The answer depends on your research goal. There are lots of guidelines from which to choose, but those are, in the end, just guidelines.
If your goal is instrument development, then you'd generally like the chosen factor structure to account for as much variance as possible (by discarding, revising, or replacing variables that do not have salient affiliations with specific factor/s). Very low values (insert your chosen threshold here!) suggest you haven't done a very good job in operationalizing the indicators for your target latent variable(s).
If it is for identifying factors/subscales that will have maximum correlation with external variables (criterion-related validity), then you might actually find that a specific cut-off for variance accounted for in the EFA could work against your efforts.
If the goal is to maximize estimates of internal consistency reliability of scores, then: (a) unidimensional structure is preferable to multidimensional structure; and (b) higher variable-factor loadings are best. Sticking to these principles will tend to maximize the resultant internal consistency estimates (though, you're now essentially cherry-picking, so another data set would be called for in order to estimate score reliability).
If the goal is data condensation (replacing a lot of variables with a smaller number of factors or components; or possibly to avoid concerns about collinearity), then you'd generally like to balance a higher variance accounted for relative to the requisite number of dimensions needed to meet that goal. For example, if 32 variables require 22 dimensions in order to explain 70% of the variance, then perhaps the combining of variables wasn't such a good idea...

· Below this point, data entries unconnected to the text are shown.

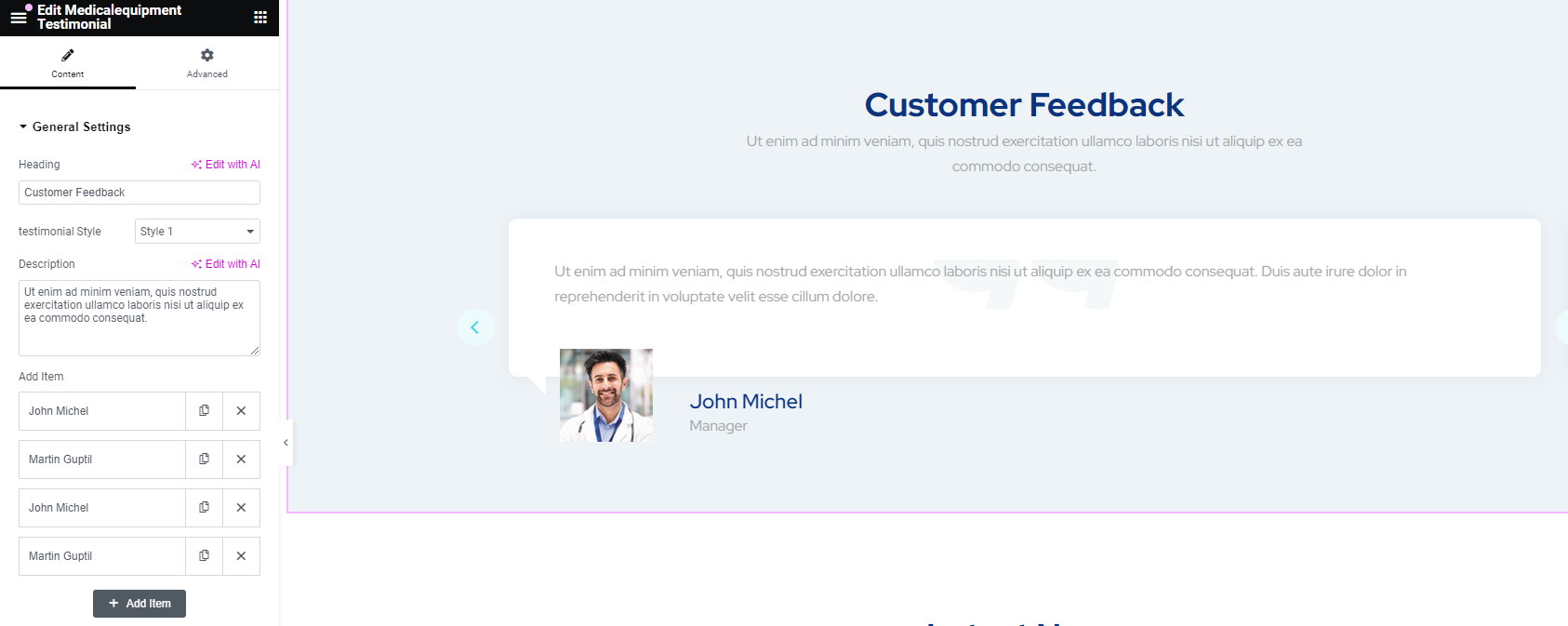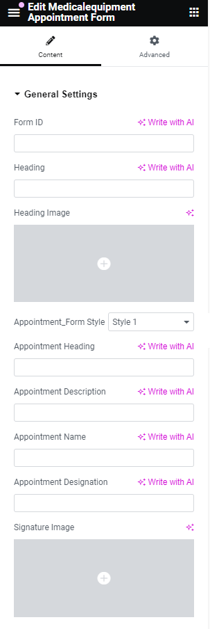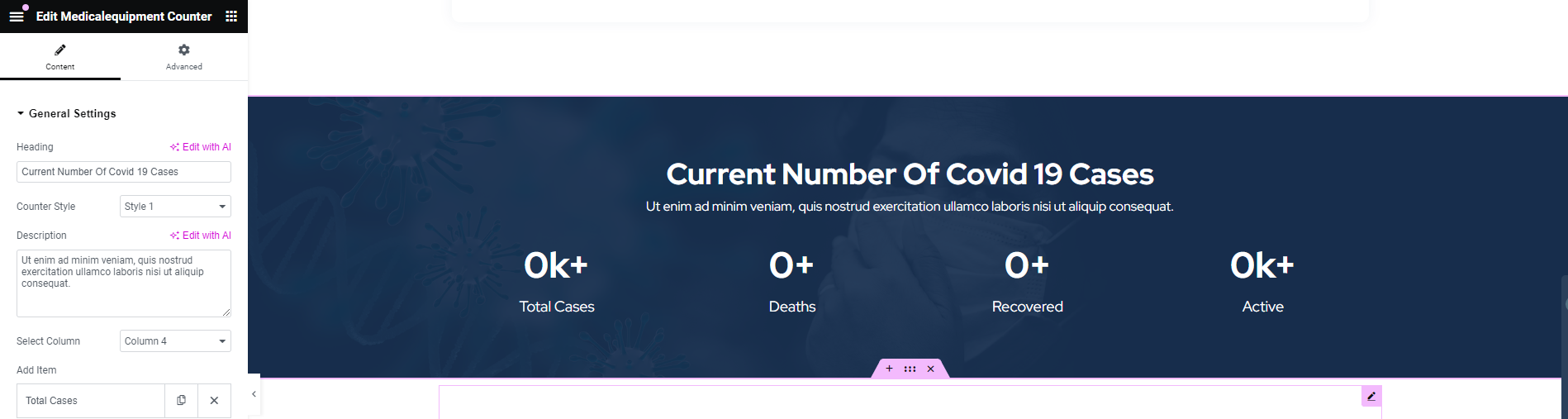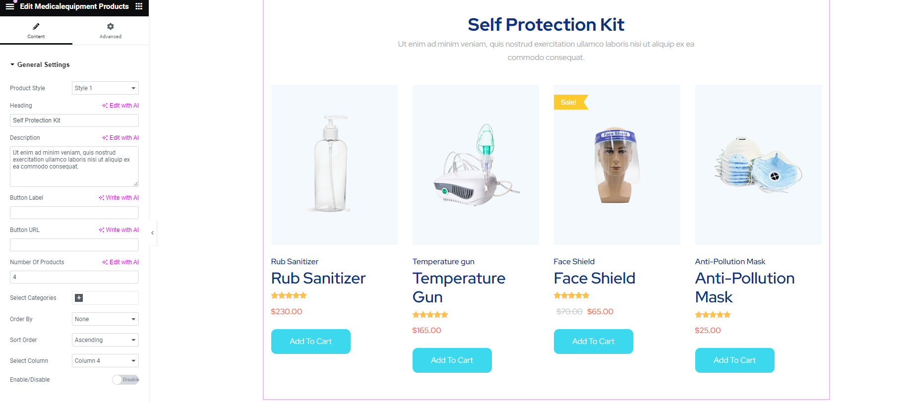 After adding title of the page click on Edit with Elementor button, you will get custom built shortcodes under MedicalEquipment Widget Section.
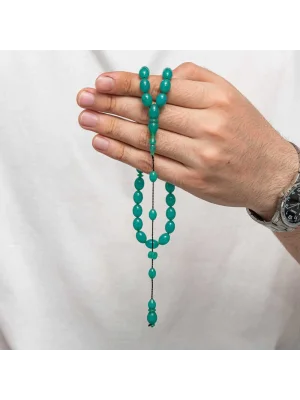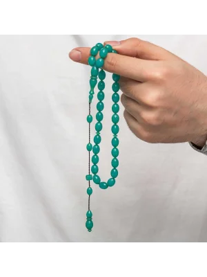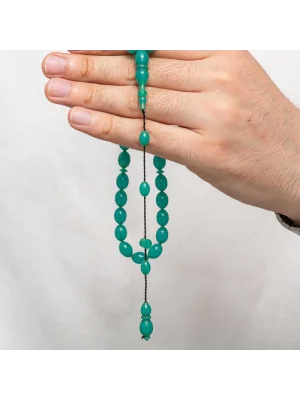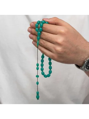 Kehribar, çam ağacı reçinesinin toprak altında uzun yıllar boyunca birikerek oluşan bir maddedir. Hemen hemen taş ile aynı sertliktedir fakat yoğunluğu düşüktür. Çam kokusu yayar. Oluşumu uzun zaman aldığından ve yapay olarak yapılamadığından değerli bir maddedir. Sıkma kehribar ise kehribar taşından farklı olarak onun özelliklerini taşıyan, görüntü itibariyle ona benzeyen fakat gerçek olmayan bir malzemedir. Ülkemizde ve dünyanın bir çok yerinde kehribar taşından çeşitli malzemeler üretilmiştir. Ülkemizde en yaygın olarak tesbih üretilmektedir. Kehribar tesbihler elde ısındıkça kehribar benzeri bir koku verir ve renk değiştirir. Bir çok rengi vardır. Hatta iki rengin birleşiminden oluşan kehribar tesbih modelleri de vardır. Genellikle gümüş püskül ile kullanılır veya sistemli olarak da kullanılabilir. Ülkemizin güzide tesbih ustaları bu malzemeyi sıklıkla işlemek suretiyle çeşitli sanat eserleri meydana getirirler. Bu tesbihler de koleksiyonerler tarafından alınıp satılmaktadır. Gümüş 1000 ayar kazaz püsküllü sıkma kehribar tesbih modeli de günlük hayatta kullanılabilecek çok şık bir tesbih çeşididir. Özel günlerin vazgeçilmez hediyesi sıkma kehribar tesbihler erkekler için doğum günü, sevgililer günü ve babalar günü gibi özel zamanlarda hediye olarak tercih edilebilir. Gümüş kazaz püsküllü sıkma kehribar tesbih modeli diğer kehribar tesbih modellerinde olduğu gibi tamamen el emeği ile imal edilmiştir.
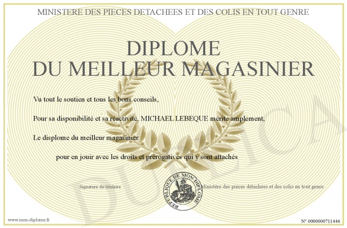 Envoyez par email votre Diplôme du meilleur magasinier personalisé
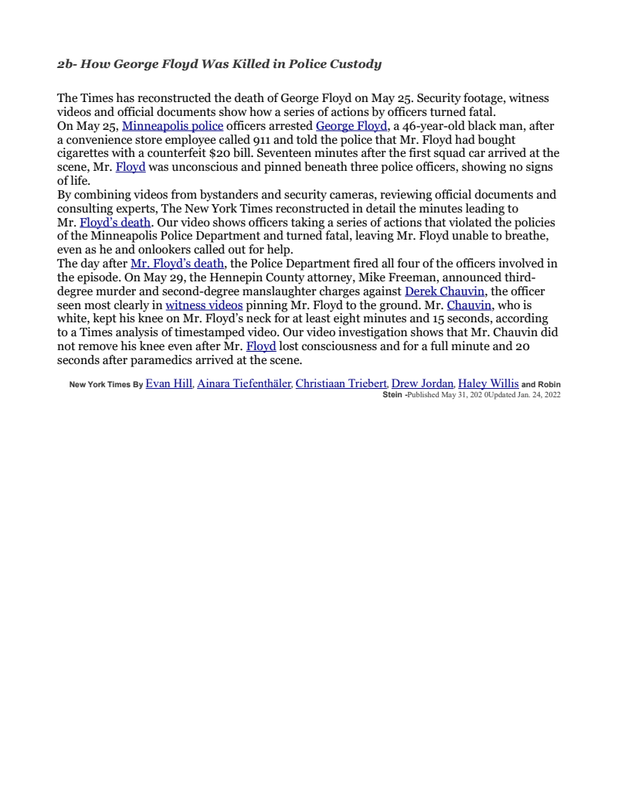 2B How George Floyd Was Killed During Custody, New York Times, May 31 2020
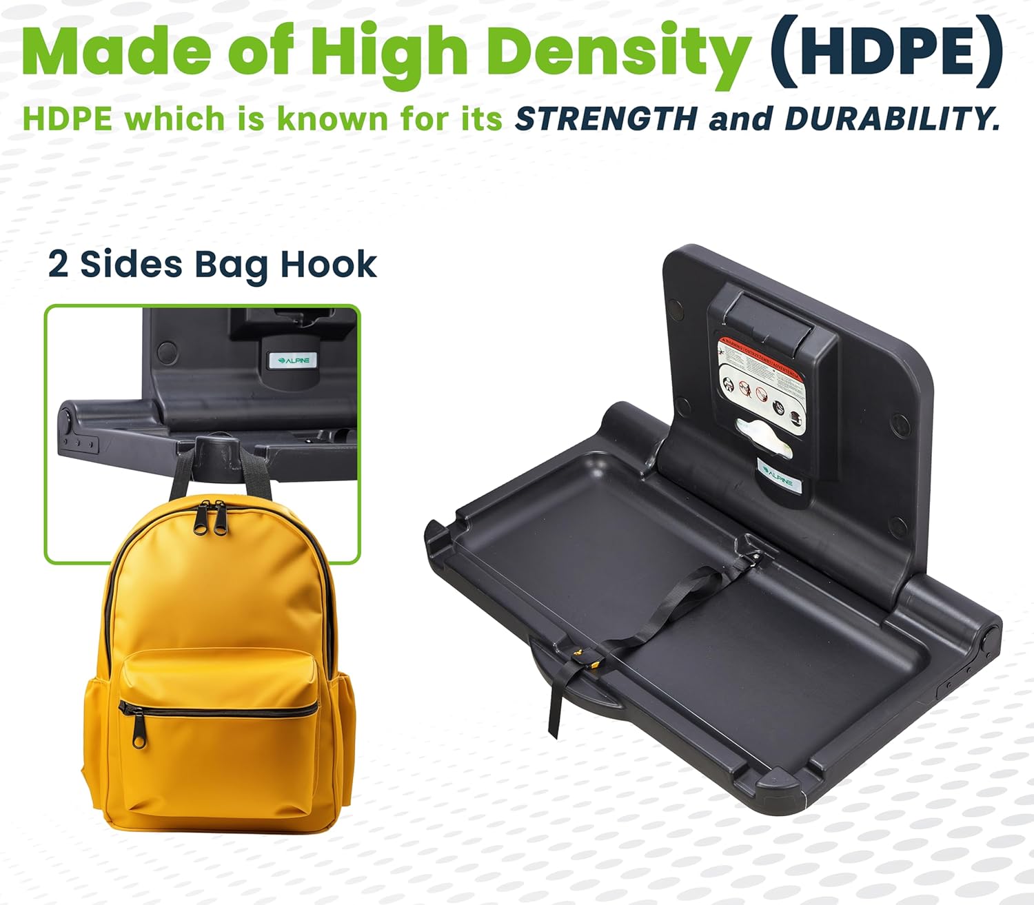 - With two side bag hooks, the Alpine baby changing station provides wide storage space and makes it easy for parents to keep their belongings within reach while changing their baby. We are confident you'll love it!
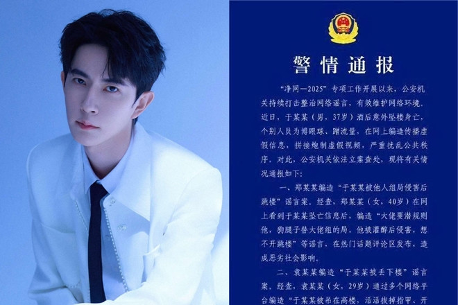 Nam diễn viên Vu Mông Lung 37 tuổi, qua đời ngày 11/9 sau khi rơi từ trên cao. Cảnh sát Trung Quốc thông báo đã loại trừ yếu tố hình sự trong vụ việc và xác định không có hành vi phạm tội.
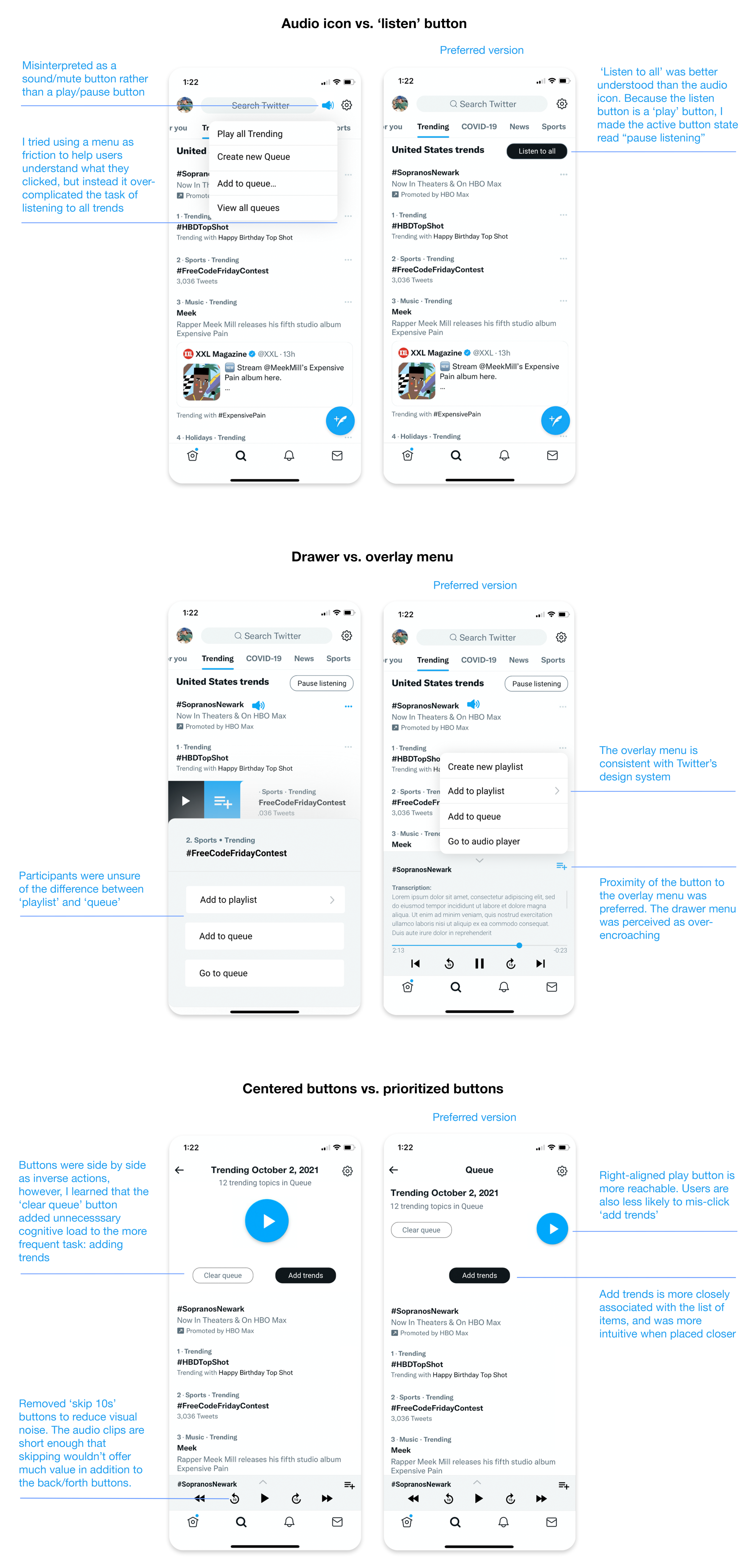 The purpose of this case study is to propose a way for Twitter users to keep up to date without having to direct constant physical & visual attention to a phone— a playlist feature appeared to be a viable solution.
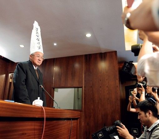他頭戴“草民完全無罪”的紙帽子出場,并讓媒體拍照三分鐘。并說:“冤案古代有,未來也會(huì)有,但是有冤案都不敢出來喊,說明里面有問題,這幾位貪官污吏太兇殘了……”
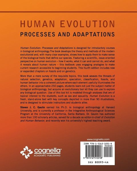 Human Evolution: Processes and Adaptations is designed for introductory courses in biological anthropology. The book develops the theory and methods of the modern evolutionist and, with many clear examples, shows how to apply them to make sense of the biological traits that define our species. Featuring a scientific, issue-oriented perspective on human evolution – how it works, what it can and cannot do, and what it reveals about human nature – this textbook uses engaging analogies to make current research accessible to beginning students. This fourth edition includes new or expanded chapters on fossils and on genetics. More than a mere survey of the requisite topics, this book weaves the threads of natural selection, genetics, adaptation, speciation, classification, fossils, and human behavior into a coherent picture where each element usefully illuminates the others. In an approachable 250 pages, students learn not just the subject matter of biological anthropology, but acquire an evolutionary tool kit they can use to explore any biological question. Use of this tool kit is modeled through analyses that are of topical interest to the students, such as sex and sexuality. Human Evolution is a fresh, stand-alone text with key concepts depicted in more than 90 illustrations, and is designed to stimulate instructors and students alike. Prerecorded video lectures are available for each chapter of the book. Steven J. C. Gaulin earned his Ph.D. in biological anthropology at Harvard University, and is currently a professor in the Integrative Anthropological Sciences Program at the University of California, Santa Barbara. Dr. Gaulin has authored more than 100 scholarly articles, served for a decade as editor-in-chief of Evolution and Human Behavior, and recently won his university’s highest teaching award.
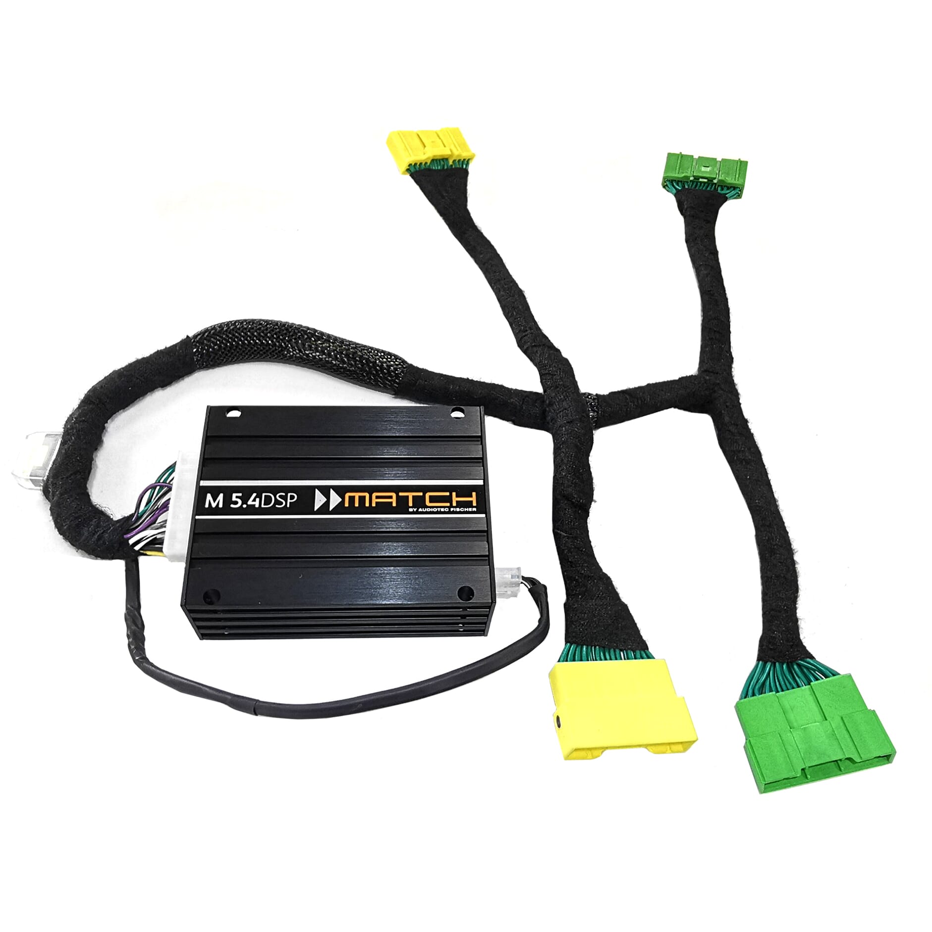 Det som utgjør magien her i denne pakken er en Match M 5.4DSP, en 5-kanals mikroforsterker med 9-kanals lydprosessor (DSP). Forsterkeren kommer ferdig satt opp med lydinnstillinger fra oss, klar til å plugge i bilen. Forsterkerdelen sørger for mer effekt til bilens originale høyttalere, og lydprosessordelen gir riktig oppsett.

I'm not sure if this is what you are looking for, but:
(The reported) Eigenvalue = the total variance accounted to each factor. If for factor selection you use K1 (Kaiser criterion) or screeplot, minimum eigenvalue should be 1, or around 1 for scree. (However, a much better factor selection procedure is Parallel Analysis).
In addition, keep in mind that Eigenvalue alone is not enough to have a good representation on factor relevance; Watch for the cumulative amount of variance explained by the factors and for the uniqueness of the variables Vs factors, as well. (The greater the uniqueness, less relevant the variable is in the factor).